### DATA EXCERPTS:
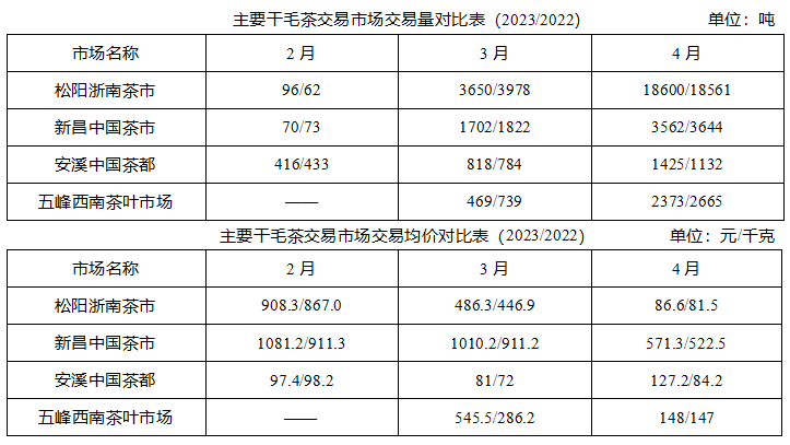 新昌中国茶市、松阳浙南茶市、安溪中国茶都、五峰西南茶市,是“中国茶业指数之地方名茶指数”的采集单位,也是最具代表性的产区市场。据各市场反馈:2023年春茶交易呈现量减价增态势。
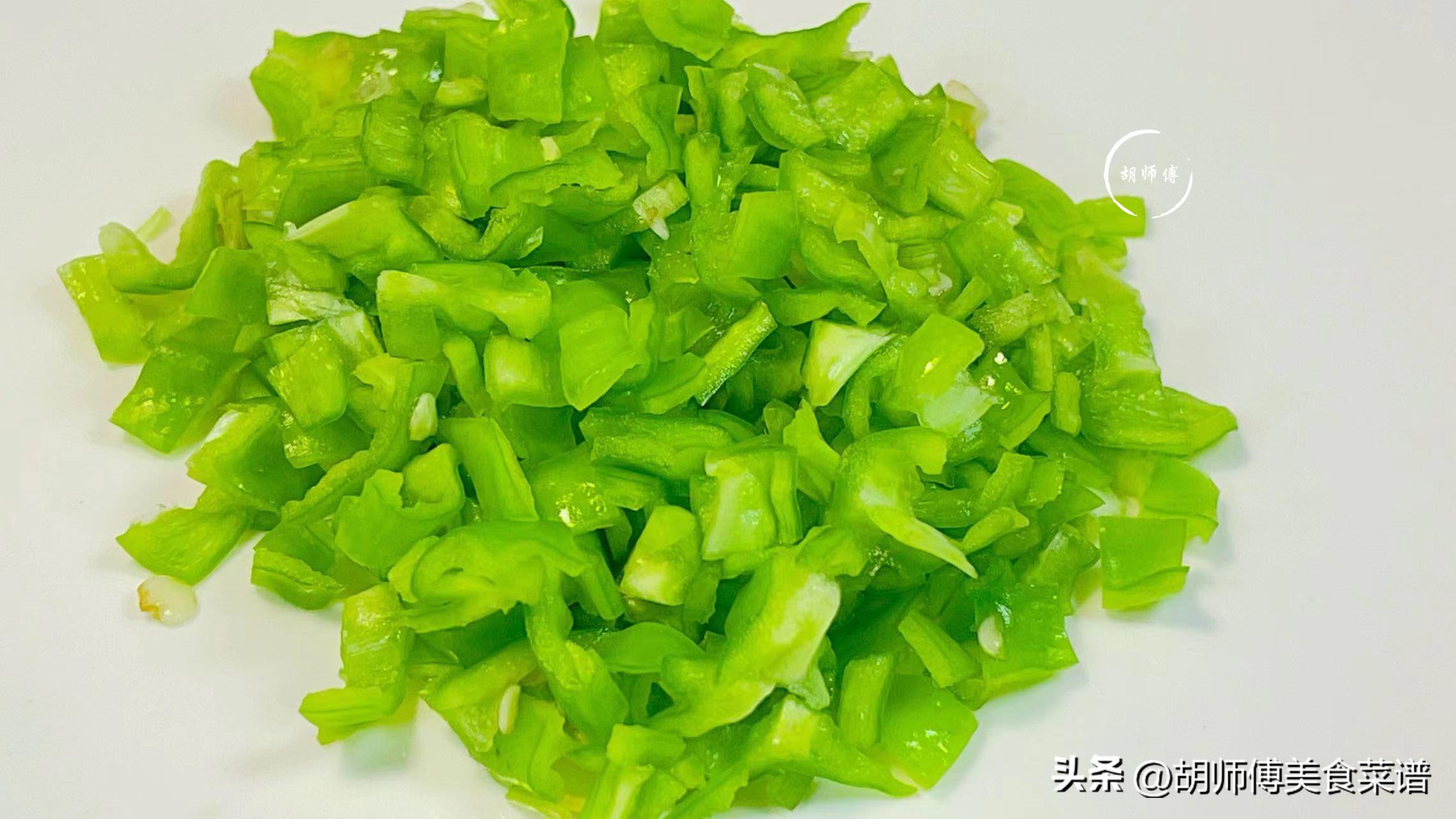 第二步:將青椒沖洗乾淨後切成小碎末備用,喜歡喫辣的,可以用杭椒代替青椒。
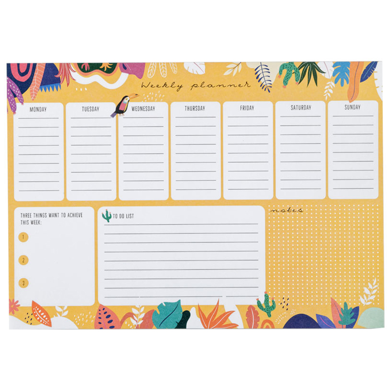 Планер на неделю MESHU. Размер - 297×210 мм. Бумага офсетная 80 г/м2. 30 листов с оригинальным дизайном. Недатированный. На склейке. Индивидуальная упаковка.
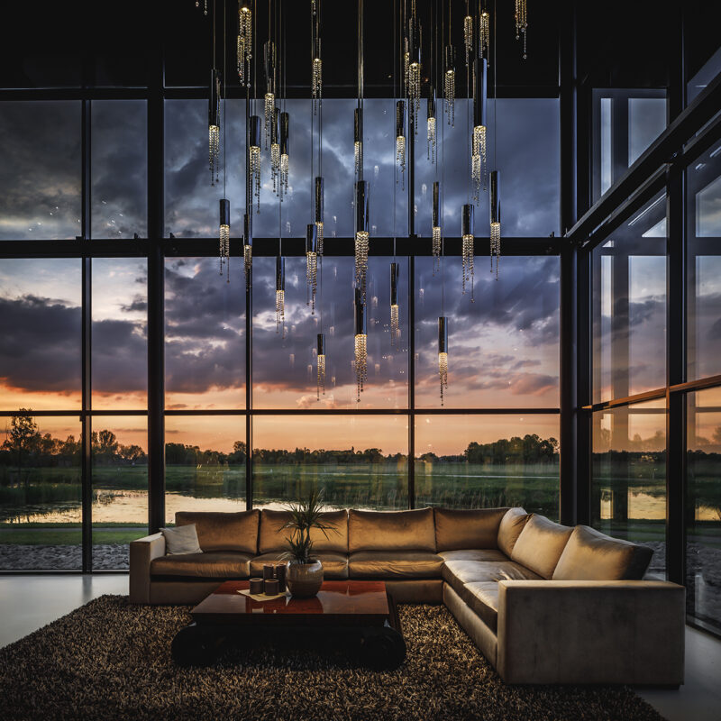 Designed by Coen Munsters, each handcrafted piece combines high-quality metal finishes with sparkling crystals, creating a captivating visual effect.
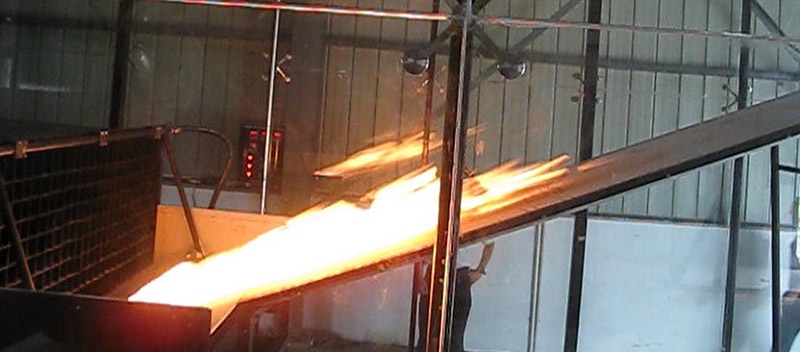 4.燃烧器:其结构为:一段长1.12m, 标称DN50mm (外径60.3mm) 的管道,在朝向试验平台的方向开有一个宽12.7mm,长910mm的缝。该燃烧器由标称25mm (外径33. 4mm)的管道从两端送燃气以维持均匀的压强。,调节燃烧器使得火焰呈三角形,火焰底端与水泥板接触位置宽约900mm,火焰沿着基板向上宽度缩小到约152mm。调节燃烧器燃气流量,使得A 级火焰、B级火焰温度为(760±28)℃,C级火焰温度为(704±28)℃。火焰温度测量采用标称直径为 2.0mm 的 K 型热电偶,热电偶测量位置位于距离基板底端中心朝向火源方向12.7mm且距基板表面 25.4mm 处,待火焰稳定后,每10s记录一次温度,校准时间为120s,取火焰平均温度;
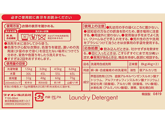 ライオンハイジーン 無リン トップ 4kg×2 1箱(ご注文単位1箱)【直送品】
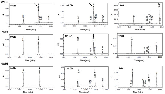 8WH5, 7WH5 and 6WH5 degradation profile in human saliva. Aliquots of 100 µL were boiled and analyzed by HPLC after 0 h, 1.5 h and 8 h of incubation. Black arrows indicate intact 8WH5, 7WH5 and 6WH5, retention time at 14.00, 13.99 and 14.61 min, respectively.
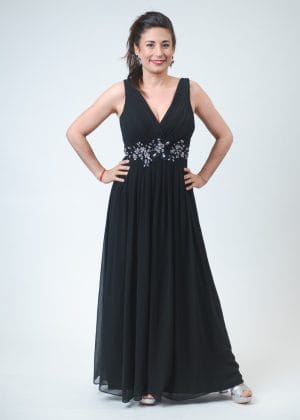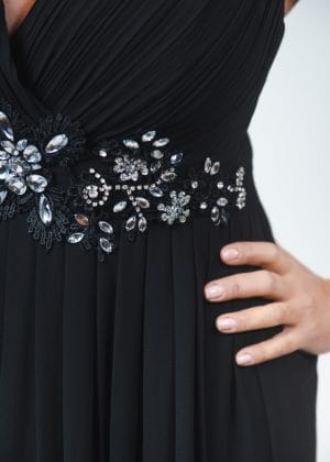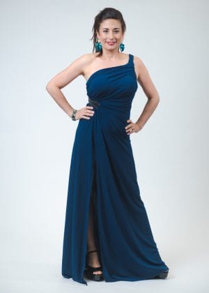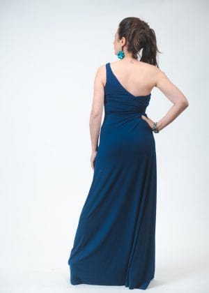 .Alquilá tu vestido largo en satén azul con escote cruzado y manga corta..

### WHAT YOU HAVE TO DO:
From the first line of the records down through the line containing "Планер на неделю", transcribe exactly those lines and no others, both ends kept, pictures dropped.

### SOLUTION TO THE EXERCISE:
 新昌中国茶市、松阳浙南茶市、安溪中国茶都、五峰西南茶市,是“中国茶业指数之地方名茶指数”的采集单位,也是最具代表性的产区市场。据各市场反馈:2023年春茶交易呈现量减价增态势。
 第二步:將青椒沖洗乾淨後切成小碎末備用,喜歡喫辣的,可以用杭椒代替青椒。
 Планер на неделю MESHU. Размер - 297×210 мм. Бумага офсетная 80 г/м2. 30 листов с оригинальным дизайном. Недатированный. На склейке. Индивидуальная упаковка.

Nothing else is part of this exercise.